Learning Lishma is something like taking off in an airplane: you soar aloft, and the earth below becomes a miniature village, with tiny houses and thread-like highways.  Life takes on totally different proportions when viewed from above the clouds. The problems of life, jealousy, happenstances,  worries of making a living, whatever else, just become so small, because you are being G-dly. There are no words that can explain this, for no words can describe something that is literally out of this world. G-dliness. It is so out of this world, so out of focusing on human interests, and so much about focusing on G-d’s interests.

And that is דברים הרבה, a lot of things.
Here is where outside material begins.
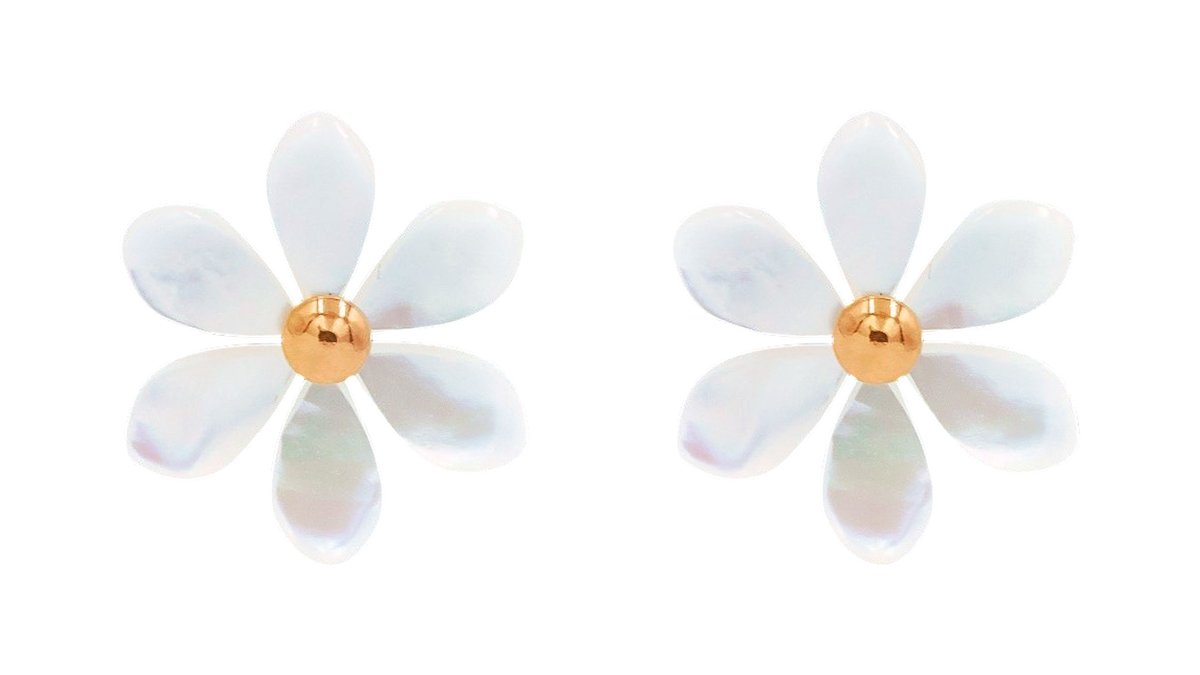 Kolczyki Flowers na sztyfcie pozłacane z niezapominajkami z masy perłowej

Being G-dly.  A person becomes so G-dly through learning Torah Lishmah that G-d listens to him and runs the world according to his requests. The Or Hachaim has a beautiful twist on the words of our Rabbis, השותה מים לצמאו מברכים עליו שהכל נהיה בדברו  Literally meaning , Someone who drinks water out of thirst, makes the Shehakol blessing.  But the Ohr Hachaim gives the words of this halacha a new twist: Our Rabbis teach that Torah is comparable to Water. With that in mind, we can reinterpret the statement mentioned above – Someone who learns Torah solely to quench his thirst for Torah – G-d blesses him that whatever he says will come true.

Can you become more G-dly than that?